How to complete this task:
Line by line, copy the records below exactly and leave the pictures out.

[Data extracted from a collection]
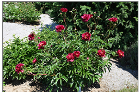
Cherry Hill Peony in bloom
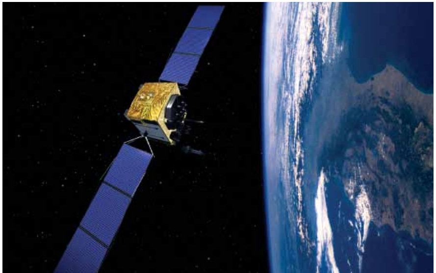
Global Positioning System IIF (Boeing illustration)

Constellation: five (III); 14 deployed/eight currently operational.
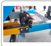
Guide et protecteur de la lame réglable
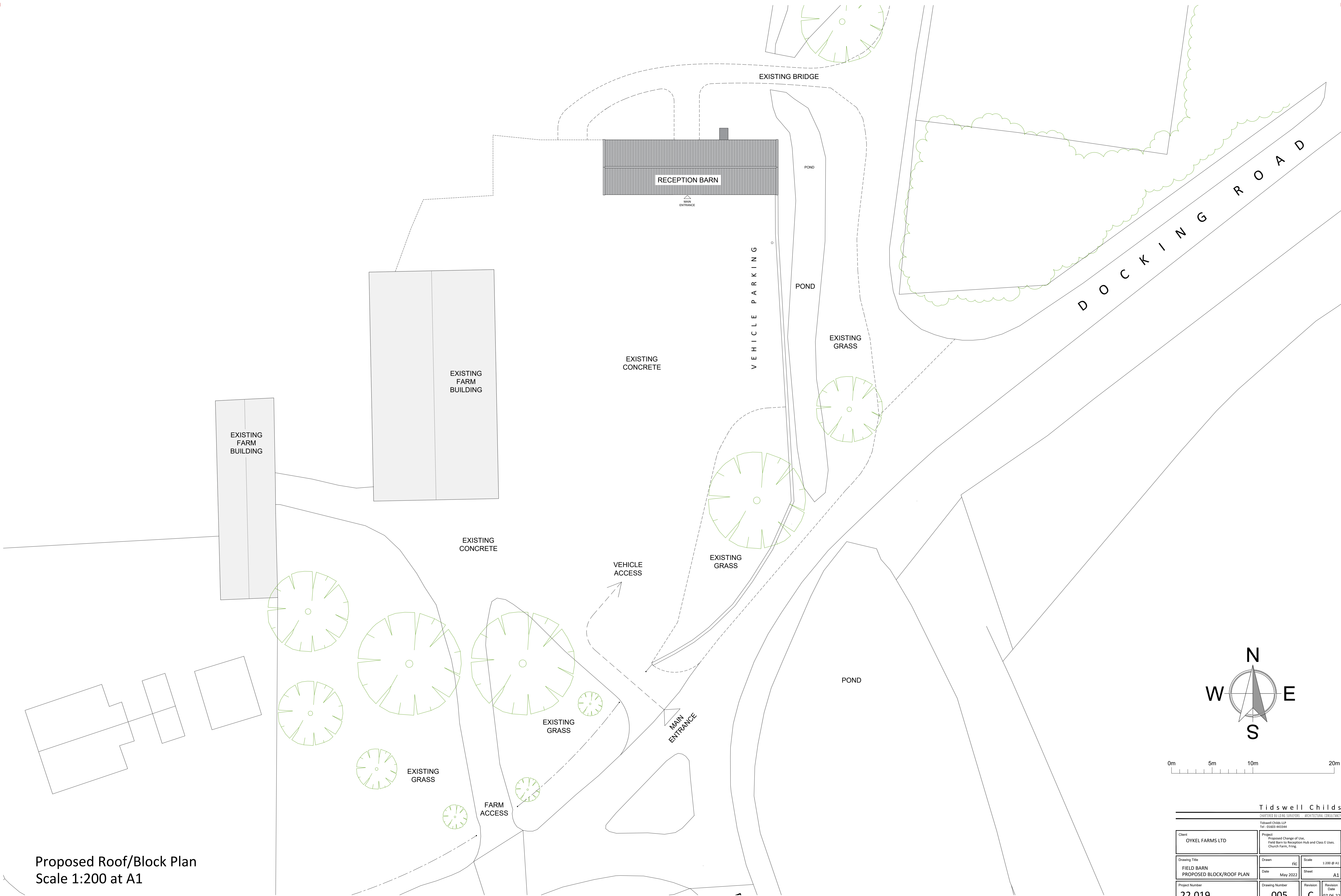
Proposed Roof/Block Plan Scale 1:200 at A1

Exercise solution:
Cherry Hill Peony in bloom
Global Positioning System IIF (Boeing illustration)

Constellation: five (III); 14 deployed/eight currently operational.
Guide et protecteur de la lame réglable
Proposed Roof/Block Plan Scale 1:200 at A1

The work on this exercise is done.